[[ Data for this task, beginning ]]

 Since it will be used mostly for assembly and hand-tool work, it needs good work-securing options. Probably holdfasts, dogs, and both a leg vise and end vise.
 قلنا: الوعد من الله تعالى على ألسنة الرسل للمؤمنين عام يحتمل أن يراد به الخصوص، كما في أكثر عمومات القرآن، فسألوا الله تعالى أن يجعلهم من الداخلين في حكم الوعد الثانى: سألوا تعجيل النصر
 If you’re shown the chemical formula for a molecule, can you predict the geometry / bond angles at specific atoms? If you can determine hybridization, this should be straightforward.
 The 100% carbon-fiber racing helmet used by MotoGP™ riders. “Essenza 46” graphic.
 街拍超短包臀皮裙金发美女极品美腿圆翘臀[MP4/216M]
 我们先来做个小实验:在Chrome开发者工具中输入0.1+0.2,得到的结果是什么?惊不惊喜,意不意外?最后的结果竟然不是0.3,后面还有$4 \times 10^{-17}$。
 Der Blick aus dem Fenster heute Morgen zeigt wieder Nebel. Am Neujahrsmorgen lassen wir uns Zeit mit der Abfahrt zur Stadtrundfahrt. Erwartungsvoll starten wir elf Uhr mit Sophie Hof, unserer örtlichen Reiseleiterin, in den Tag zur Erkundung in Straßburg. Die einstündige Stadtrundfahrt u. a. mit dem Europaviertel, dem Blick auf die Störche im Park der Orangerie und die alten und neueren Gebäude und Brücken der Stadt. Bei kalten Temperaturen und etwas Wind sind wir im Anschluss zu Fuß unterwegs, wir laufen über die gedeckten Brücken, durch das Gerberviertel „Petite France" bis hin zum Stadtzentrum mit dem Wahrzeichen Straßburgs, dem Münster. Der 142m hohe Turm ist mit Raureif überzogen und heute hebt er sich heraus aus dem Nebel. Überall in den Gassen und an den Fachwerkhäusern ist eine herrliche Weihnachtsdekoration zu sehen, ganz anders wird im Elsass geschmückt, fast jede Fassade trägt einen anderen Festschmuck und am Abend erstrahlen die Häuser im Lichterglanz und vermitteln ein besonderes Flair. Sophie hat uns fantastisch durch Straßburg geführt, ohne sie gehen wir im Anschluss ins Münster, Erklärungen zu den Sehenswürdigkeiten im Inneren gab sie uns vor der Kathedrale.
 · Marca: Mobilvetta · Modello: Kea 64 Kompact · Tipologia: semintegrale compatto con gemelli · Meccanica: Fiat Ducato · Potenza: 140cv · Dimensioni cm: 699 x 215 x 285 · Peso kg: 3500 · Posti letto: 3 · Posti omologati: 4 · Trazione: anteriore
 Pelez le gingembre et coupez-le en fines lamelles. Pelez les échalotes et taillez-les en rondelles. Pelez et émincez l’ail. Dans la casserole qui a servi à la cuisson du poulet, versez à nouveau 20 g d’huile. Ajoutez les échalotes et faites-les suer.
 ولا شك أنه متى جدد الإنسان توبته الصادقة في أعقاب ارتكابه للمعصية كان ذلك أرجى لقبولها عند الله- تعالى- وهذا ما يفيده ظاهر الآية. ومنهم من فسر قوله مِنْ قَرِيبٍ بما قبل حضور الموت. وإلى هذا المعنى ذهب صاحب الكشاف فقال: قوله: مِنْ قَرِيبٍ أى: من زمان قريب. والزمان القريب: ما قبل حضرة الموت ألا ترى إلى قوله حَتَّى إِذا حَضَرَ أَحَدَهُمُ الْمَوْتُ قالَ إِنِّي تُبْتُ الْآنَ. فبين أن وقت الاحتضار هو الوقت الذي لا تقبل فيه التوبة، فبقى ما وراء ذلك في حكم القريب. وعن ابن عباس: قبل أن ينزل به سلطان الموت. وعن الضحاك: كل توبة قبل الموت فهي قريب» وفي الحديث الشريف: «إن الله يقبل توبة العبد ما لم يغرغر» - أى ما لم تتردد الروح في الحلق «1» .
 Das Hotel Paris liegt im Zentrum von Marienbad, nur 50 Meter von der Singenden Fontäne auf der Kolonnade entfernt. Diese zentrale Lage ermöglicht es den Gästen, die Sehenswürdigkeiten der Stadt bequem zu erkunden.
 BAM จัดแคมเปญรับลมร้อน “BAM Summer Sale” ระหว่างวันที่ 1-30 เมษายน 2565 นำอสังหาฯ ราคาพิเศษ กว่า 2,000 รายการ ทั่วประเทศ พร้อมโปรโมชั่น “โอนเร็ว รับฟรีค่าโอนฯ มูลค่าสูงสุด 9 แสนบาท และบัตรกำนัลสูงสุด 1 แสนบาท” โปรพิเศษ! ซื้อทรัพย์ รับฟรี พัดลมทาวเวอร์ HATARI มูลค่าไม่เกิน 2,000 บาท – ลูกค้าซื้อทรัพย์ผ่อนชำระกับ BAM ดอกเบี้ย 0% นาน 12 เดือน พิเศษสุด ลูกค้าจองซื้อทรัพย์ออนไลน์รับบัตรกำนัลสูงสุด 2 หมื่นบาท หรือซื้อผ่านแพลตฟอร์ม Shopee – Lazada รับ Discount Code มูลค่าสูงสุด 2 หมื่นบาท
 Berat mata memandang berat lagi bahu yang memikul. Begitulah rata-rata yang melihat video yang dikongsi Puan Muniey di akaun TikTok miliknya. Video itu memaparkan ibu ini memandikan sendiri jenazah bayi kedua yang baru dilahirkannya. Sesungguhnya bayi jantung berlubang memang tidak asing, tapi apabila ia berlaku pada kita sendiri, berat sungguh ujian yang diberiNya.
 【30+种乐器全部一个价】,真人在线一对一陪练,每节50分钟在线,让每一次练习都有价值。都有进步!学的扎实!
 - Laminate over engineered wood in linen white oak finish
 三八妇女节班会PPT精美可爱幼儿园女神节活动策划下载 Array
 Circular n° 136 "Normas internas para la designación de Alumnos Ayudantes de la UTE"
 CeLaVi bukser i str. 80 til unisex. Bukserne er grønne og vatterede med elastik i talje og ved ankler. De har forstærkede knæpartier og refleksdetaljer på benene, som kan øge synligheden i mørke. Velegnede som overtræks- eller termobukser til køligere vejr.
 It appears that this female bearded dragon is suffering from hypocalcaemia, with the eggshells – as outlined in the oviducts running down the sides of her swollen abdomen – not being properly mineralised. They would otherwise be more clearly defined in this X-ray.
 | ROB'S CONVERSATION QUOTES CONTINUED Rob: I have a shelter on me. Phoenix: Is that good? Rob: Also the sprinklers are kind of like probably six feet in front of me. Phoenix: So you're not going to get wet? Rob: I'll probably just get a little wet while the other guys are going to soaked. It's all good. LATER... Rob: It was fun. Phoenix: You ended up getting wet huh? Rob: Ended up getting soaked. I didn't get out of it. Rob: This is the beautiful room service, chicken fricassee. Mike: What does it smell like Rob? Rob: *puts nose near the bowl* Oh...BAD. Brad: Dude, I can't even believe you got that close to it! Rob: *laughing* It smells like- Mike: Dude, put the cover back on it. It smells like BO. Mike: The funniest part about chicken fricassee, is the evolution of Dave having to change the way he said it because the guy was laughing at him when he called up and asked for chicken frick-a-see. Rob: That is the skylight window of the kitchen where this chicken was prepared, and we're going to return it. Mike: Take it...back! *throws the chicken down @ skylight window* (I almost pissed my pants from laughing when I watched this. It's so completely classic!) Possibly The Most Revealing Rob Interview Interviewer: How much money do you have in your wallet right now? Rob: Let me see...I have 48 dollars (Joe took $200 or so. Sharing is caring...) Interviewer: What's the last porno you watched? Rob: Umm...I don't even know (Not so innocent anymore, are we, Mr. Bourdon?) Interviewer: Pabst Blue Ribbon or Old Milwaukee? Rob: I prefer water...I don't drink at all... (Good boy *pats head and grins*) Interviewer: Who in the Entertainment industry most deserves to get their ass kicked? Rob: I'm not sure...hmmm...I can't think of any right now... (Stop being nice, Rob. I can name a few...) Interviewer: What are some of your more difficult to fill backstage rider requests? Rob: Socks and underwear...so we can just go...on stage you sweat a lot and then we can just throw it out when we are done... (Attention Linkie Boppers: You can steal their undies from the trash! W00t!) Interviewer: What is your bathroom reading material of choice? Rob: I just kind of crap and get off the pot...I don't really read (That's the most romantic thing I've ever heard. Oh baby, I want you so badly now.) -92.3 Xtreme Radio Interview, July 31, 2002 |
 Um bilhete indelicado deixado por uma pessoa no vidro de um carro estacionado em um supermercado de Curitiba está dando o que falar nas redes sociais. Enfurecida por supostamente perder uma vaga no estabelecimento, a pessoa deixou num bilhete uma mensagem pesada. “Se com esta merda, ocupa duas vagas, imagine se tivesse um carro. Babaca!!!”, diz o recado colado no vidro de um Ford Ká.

[[ Data for this task, end ]]

> [Exercise instructions]: Your answer should be the exact lines above from the one with "CeLaVi bukser i" through the one with "It appears that", both included, and nothing besides.

> [Written response]:
 CeLaVi bukser i str. 80 til unisex. Bukserne er grønne og vatterede med elastik i talje og ved ankler. De har forstærkede knæpartier og refleksdetaljer på benene, som kan øge synligheden i mørke. Velegnede som overtræks- eller termobukser til køligere vejr.
 It appears that this female bearded dragon is suffering from hypocalcaemia, with the eggshells – as outlined in the oviducts running down the sides of her swollen abdomen – not being properly mineralised. They would otherwise be more clearly defined in this X-ray.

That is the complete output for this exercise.